__What is being asked__
Within the records that follow, restate exactly the lines from the line with "In 2002, A." down to the line with "- Interior Features: Crown", including both. Omit the pictures.

__Task material__
══════════════════════════════

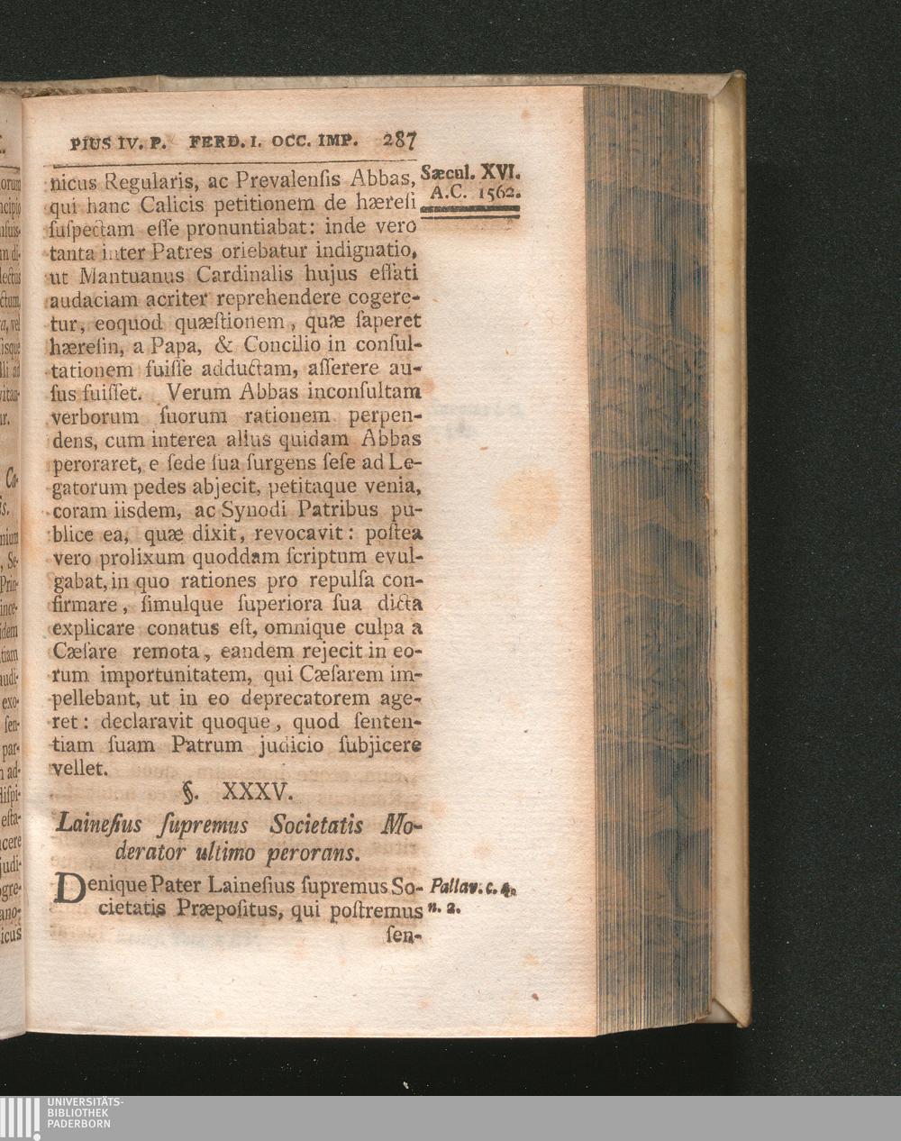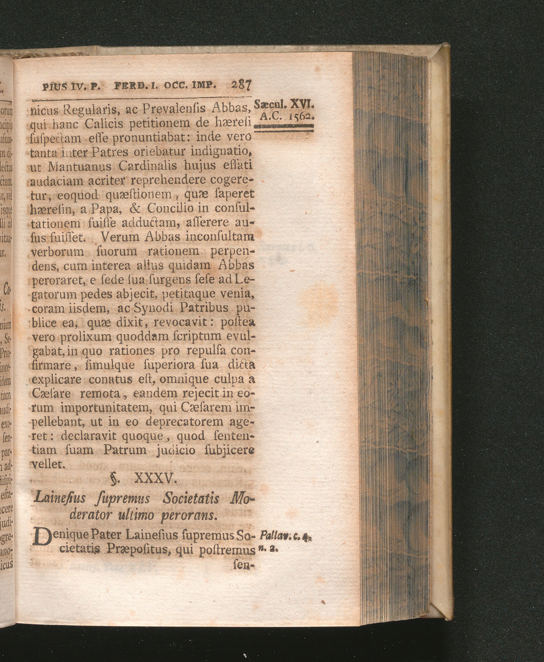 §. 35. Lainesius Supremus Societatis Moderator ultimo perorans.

══════════════════════════════

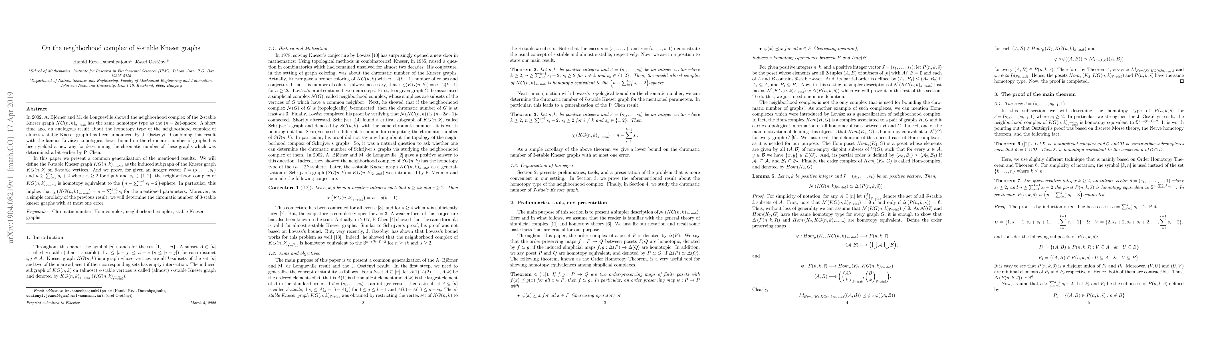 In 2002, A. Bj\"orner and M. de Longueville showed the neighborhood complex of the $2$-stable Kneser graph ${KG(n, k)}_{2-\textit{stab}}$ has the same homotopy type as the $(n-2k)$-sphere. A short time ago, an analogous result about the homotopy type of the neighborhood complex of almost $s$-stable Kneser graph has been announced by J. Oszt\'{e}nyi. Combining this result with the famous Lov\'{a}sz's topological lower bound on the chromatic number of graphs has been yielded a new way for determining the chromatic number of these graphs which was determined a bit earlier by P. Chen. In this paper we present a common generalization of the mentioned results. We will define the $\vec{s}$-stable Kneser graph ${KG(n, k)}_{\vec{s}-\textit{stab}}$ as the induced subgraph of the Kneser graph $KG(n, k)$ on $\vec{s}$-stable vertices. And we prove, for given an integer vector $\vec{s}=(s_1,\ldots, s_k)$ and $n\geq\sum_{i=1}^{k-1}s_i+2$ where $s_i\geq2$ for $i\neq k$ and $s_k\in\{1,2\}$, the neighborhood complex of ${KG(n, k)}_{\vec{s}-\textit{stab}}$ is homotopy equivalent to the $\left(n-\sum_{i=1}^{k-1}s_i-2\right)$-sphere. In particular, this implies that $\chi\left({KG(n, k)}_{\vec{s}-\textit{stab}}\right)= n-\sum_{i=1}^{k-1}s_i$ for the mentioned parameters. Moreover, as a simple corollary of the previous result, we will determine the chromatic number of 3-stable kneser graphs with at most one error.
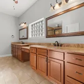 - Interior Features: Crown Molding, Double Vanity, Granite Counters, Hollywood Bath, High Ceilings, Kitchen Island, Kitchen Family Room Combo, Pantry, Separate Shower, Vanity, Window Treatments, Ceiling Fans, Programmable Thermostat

══════════════════════════════

__The completed task__
 In 2002, A. Bj\"orner and M. de Longueville showed the neighborhood complex of the $2$-stable Kneser graph ${KG(n, k)}_{2-\textit{stab}}$ has the same homotopy type as the $(n-2k)$-sphere. A short time ago, an analogous result about the homotopy type of the neighborhood complex of almost $s$-stable Kneser graph has been announced by J. Oszt\'{e}nyi. Combining this result with the famous Lov\'{a}sz's topological lower bound on the chromatic number of graphs has been yielded a new way for determining the chromatic number of these graphs which was determined a bit earlier by P. Chen. In this paper we present a common generalization of the mentioned results. We will define the $\vec{s}$-stable Kneser graph ${KG(n, k)}_{\vec{s}-\textit{stab}}$ as the induced subgraph of the Kneser graph $KG(n, k)$ on $\vec{s}$-stable vertices. And we prove, for given an integer vector $\vec{s}=(s_1,\ldots, s_k)$ and $n\geq\sum_{i=1}^{k-1}s_i+2$ where $s_i\geq2$ for $i\neq k$ and $s_k\in\{1,2\}$, the neighborhood complex of ${KG(n, k)}_{\vec{s}-\textit{stab}}$ is homotopy equivalent to the $\left(n-\sum_{i=1}^{k-1}s_i-2\right)$-sphere. In particular, this implies that $\chi\left({KG(n, k)}_{\vec{s}-\textit{stab}}\right)= n-\sum_{i=1}^{k-1}s_i$ for the mentioned parameters. Moreover, as a simple corollary of the previous result, we will determine the chromatic number of 3-stable kneser graphs with at most one error.
 - Interior Features: Crown Molding, Double Vanity, Granite Counters, Hollywood Bath, High Ceilings, Kitchen Island, Kitchen Family Room Combo, Pantry, Separate Shower, Vanity, Window Treatments, Ceiling Fans, Programmable Thermostat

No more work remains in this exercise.